Toca reinventarse cada día.

Reinventarse

Estamos ya a mitades de febrero,

y en breve llegaremos a su fin, y con él nos acercaremos a la primavera. Cabe decir que está siendo un mes peculiar, de tirones y frenadas, de momentos en los que pensar y en que estos, nuestros pensamientos ocupan la mayoría de nuestro tiempo, y en los que observar acompaña nuestro pensamiento y condicionan sin duda nuestra manera de hacerlo.

Hablas con uno o con otro, y la palabra reinante es inseguridad. Y es que vivimos una época en que la inseguridad planea por encima de todas nuestras acciones, además que son multitud de noticias las que no alientan para nada el positivismo, ni a corto o medio plazo.

¡No miréis la tele, hacedme caso!

Muchos lo muestran en sus rostros, otras personas en sus acciones o aptitudes y hay quien inherente respira y anda con paso firme, temiendo desplazarse para un lado u otro, evitando caer con sensación de desequilibrio. Y es que da igual si tienes 29, 32, o 40 años, la edad empieza a no ser lo más importante, y si la aptitud o aptitudes ante las cosas.
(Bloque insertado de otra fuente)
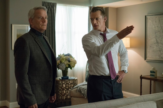 La scalata al potere del Presidente Frank Underwood (Kevin Spacey) e della ambigua moglie Claire (Robin Wright) sarà questa volta accompagnata da due new entry: debuttano nella quinta stagione anche Campbell Scott e Patricia Clarkson, presenti nelle due nuove still di sotto.
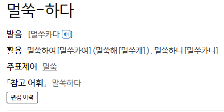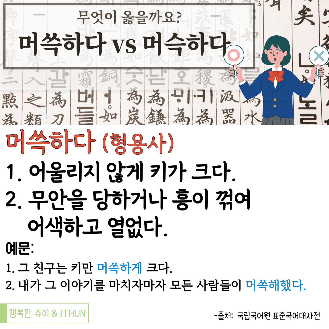 오늘은 '머쓱하다' 와 '멀쑥하다' 이렇게 두 가지 단어를 배워보았다. '머슥하다' 로 사용하지 않고 '머쓱하다' 로 사용하기 그리고 '머쓱하다' 와 '멀쑥하다' 는 뜻 구분하여 사용하기! 기억해야겠다.
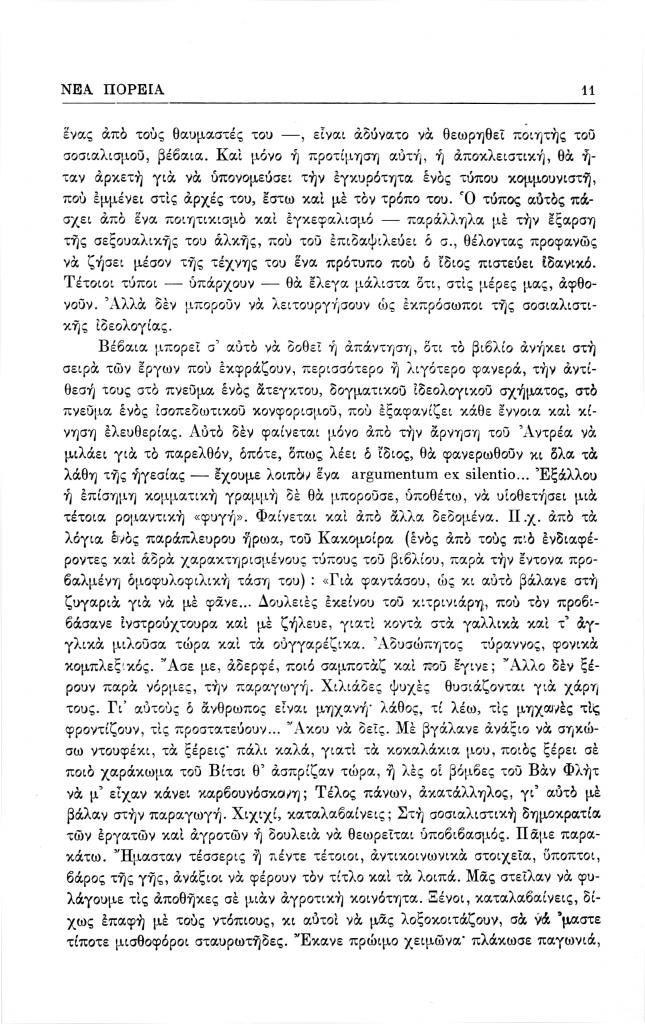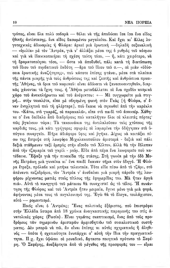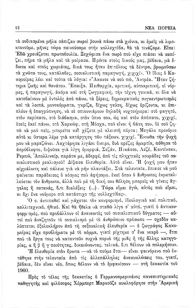 , «Η σύγχρονη ελληνική πεζογραφία. Στρατή Τσίρκα, Χαμένη άνοιξη», Νέα Πορεία, τόμ. 24, τχ. 275-279 (Ιανουάριος-Μάιος 1978), σ. 8-14
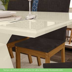 Ficha Tecnica: Escala de Brilho do Tampo: Brilhante Escala de Brilho da Base: Fosco Cor Predominante: Branco Acabamento da Base: Pintura UV Texturizada Acabamento do Tampo: Pintura UV Estilo: Moderno Suporta ate -Kg-: 40 Kg Material Principal: MDP Material do Tampo: MDF Material da Base: MDP Tampo com Vidro: Sim Vidro Temperado: Nao Tamanho do Vidro -L x C x E-: 80 cm x 160 cm x 4 mm Formato do Tampo: Retangular Mesa Extensivel: Nao Ideal para quantas cadeiras: Mesa ideal para 04 ou 06 cadeiras.
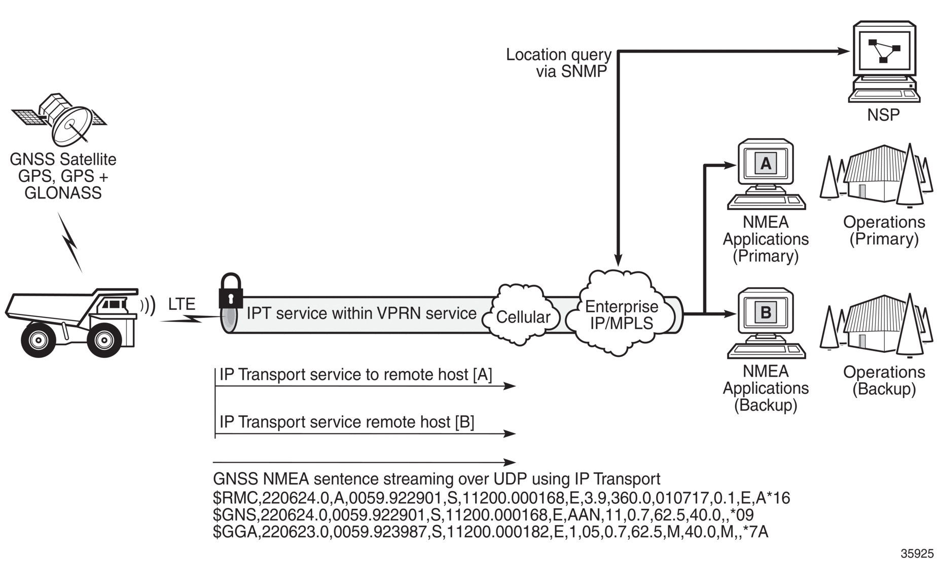 An IP transport subservice within a Layer 3 VPRN service can be configured to transmit GNSS NMEA data from the GNSS receiver (as the IP transport local host) to one or more remote hosts. See Figure 16. Any packets sent from remote hosts toward the local host of the IP transport subservice are dropped.
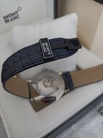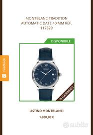 Vendo orologio Montblanc originale modello "Tradition Automatic Date", nuovo e mai indossato. L'orologio ha una cassa in acciaio pregiato di 40 mm che presenta le tipiche anse diritte Mont Blanc e una caratteristica lunetta doppia con vetro zaffiro bombato. Il quadrante è blu con numeri romani e un imponente numero romano "XII". La tradizionale minuteria "chemin de fer" e le classiche lancette a foglia e a bastone completano il look elegante. Prezzo di listino 1960,00. No perditempo.

A todos nos ha tocado vivir ahora y en este tiempo, ni al vecino menos, ni a tu jefe más. Tenlo en cuenta.

 

Son momentos de aprender a controlar los tiempos, de saber ser paciente, de mirar objetivamente pensando en la realidad, dejando de lado la fantasía adquirida de niños, pero sin dejar de soñar, nunca.

 

Y a mí pensar, pues la verdad nunca es certera, pero sí muy objetiva, cierto es que a todos nos gustaría volver a momentos pasados, ya 10 años después de ese 2006 loco, de presupuestos indecentes, presiones relativas, objetivos más que cumplidos antes de finalizar una navidad llena de excesos y sueños, a veces con muy poco esfuerzo…pero es que los tiempos han cambiado. Y no querer verlo, es no vivir en la realidad.

También hay que decir que, a todo ello, nuestras principales necesidades y productos que las acompañan, se han encarecido desproporcionalmente a lo que rendamos laboralmente los que rendimos algo, pues hay quien ya no renda nada, dolencia de un presente, que nuestros gobernantes son incapaces de resolver, sus egoísmos partidistas y capacidades cognitivas, se encuentran obstruidas, ante un país enfermo de futuro.

Señores, vivimos un inmenso cambio, las nuevas tecnologías nos están llevando a un nuevo mundo, en el que no me vaticinaría a decir que si mejor o peor que lo conocido hasta ahora, pero sí muy diferente. Donde el voy a estudiar una carrera, para luego trabajar 25 años en la misma compañía, al lado de casa, mi hipoteca y mi familia, mi coche y mis vacaciones de 30 días, es cuestión de un pasado, que no queremos olvidar, y que ya no es posible hoy.

 

Reinventarse

 

Toca reinventarse cada día, toca renacer cada mañana, dar lo mejor, y esperar llegar a la base y mantenerse, solo e únicamente eso, pues la cima es peligrosa y el éxito empresarial o laboral, sinónimo de envidia en mucha gente. Cabe y debemos reflexionar, pues sin unidad, humildad y objetividad, no hay futuro posible.

Estos tiempos, los nuevos tiempos, son veloces y conllevan pausas breves. Pero queremos correr demasiado y perdemos el sentido de la realidad, y es que alomemos será que es momento de dejar ir lastre o cargas, renunciar y aceptar, para volver a construir. Observar nuestras vidas y dejar de compararnos, buscando sentirse realizados y lo más importante, felices y satisfechos con nuestro hacer diario, siendo no estando.

 

 

¡Son breves reflexiones, aunque a mí parecer certeras…y es que todo avanza tan rápido que alomemos cuando nos demos cuenta, nos habremos estrellado, todos!